A lot of the recipes we’ve been listing and talking about have been using red cabbage, so perhaps it’s time to show its green counterpart some appreciation with this dish.
Coleslaw is probably one of the best recipes that use cabbage, given the variety we’ve already showcased, and this Mediterranean is once again proof of that. With the parmesan and basil making great seasoning, this is a great side to have for any main course you’re prepping.

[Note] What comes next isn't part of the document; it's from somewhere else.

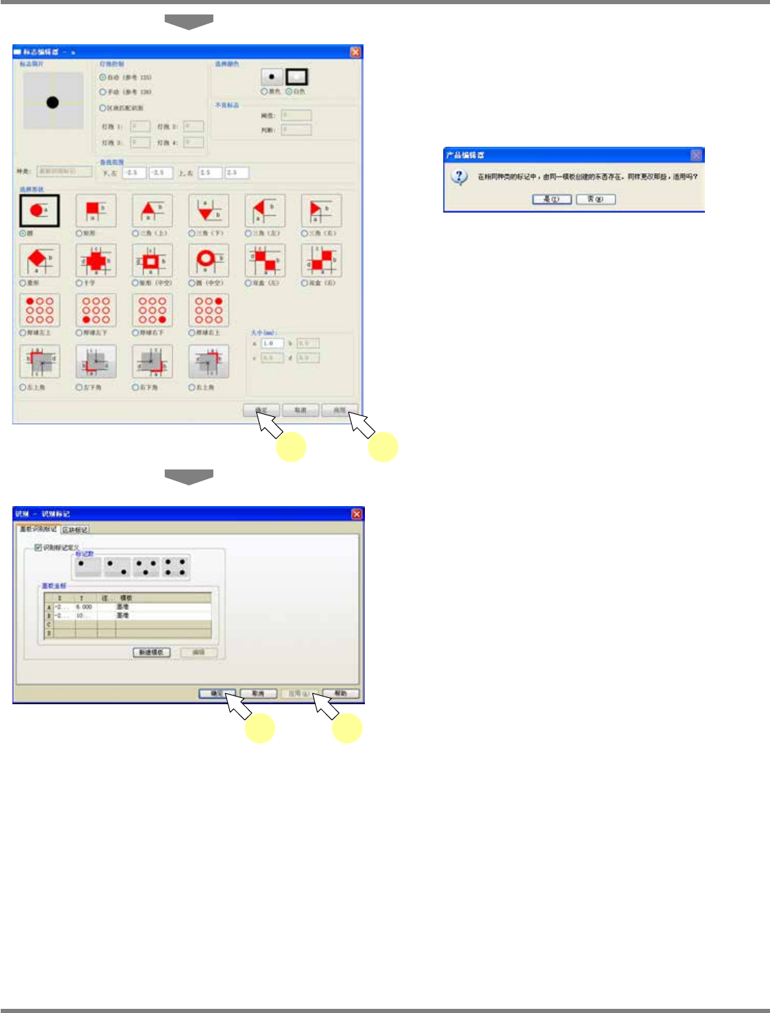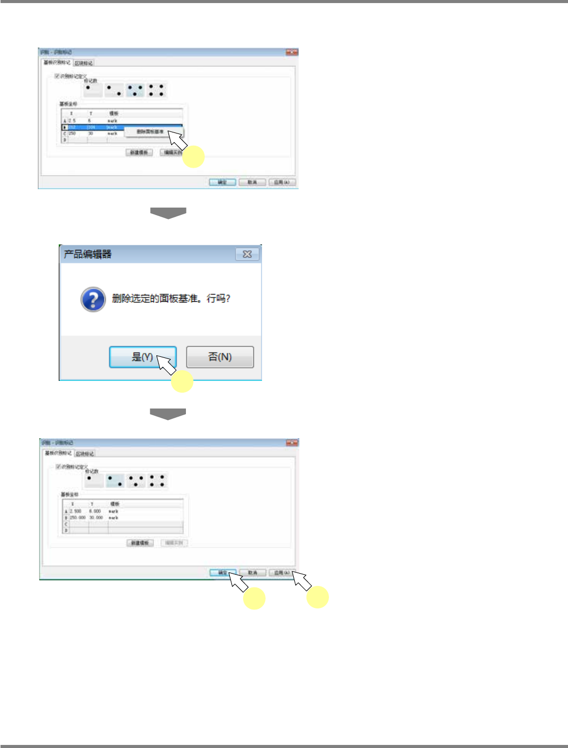 NPM-DGS 程序手册 5.8 PCB 编辑 EJS9AC-MB-05P-09 Page 5-165 ③ 选择删除面板识别基准 1 选择想要删除的面板基准后, 点击右击 菜单的 [ 删除面板基准 ] 。 2 显示出确认对话框,点击 [ 是 ] 。 将删除所选择的删除识别基准,基准 数量会减 少一个。 3 需要将变更反映至 PCB 时, 请点击 [ 确 定 ] 或 [ 应用 ] 。 Project050802S-1 30C00 1 …

Just cut or shred your cabbage into thin strips, mix your dressing ingredients, toss your cabbage and basil together for a quick minute with the dressing, throw over your grated parmesan, drizzle some balsamic vinegar over for extra flavor, and you’re good to go.
Remember to get rid of that outer shell and core of your cabbage before adding them with your other ingredients for the best result.
It’s back to basics, but with a twist, with this simple yet tangy recipe that uses this underappreciated champion vegetables of salad dishes.
Your staples of cabbage salads like cabbage and spring onions return along with the main ingredient. The key ingredient that adds to this salad is the unique dressing that is used. The sesame and lime combination gives it a particularly sour and sweetness to it, all whilst still taking under half an hour to prepare everything else for your dish.
Mix all your garnishes and oils in a large bowl to get your dressing, then add all your chopped vegetables in, and tools to get the even coat you’re looking for in any good salad. Let it sit for ¼ of an hour, and you’re ready to chow down!
Make sure to adjust the mix for your tastebuds with extra lime juice, garlic, or apple cider vinegar.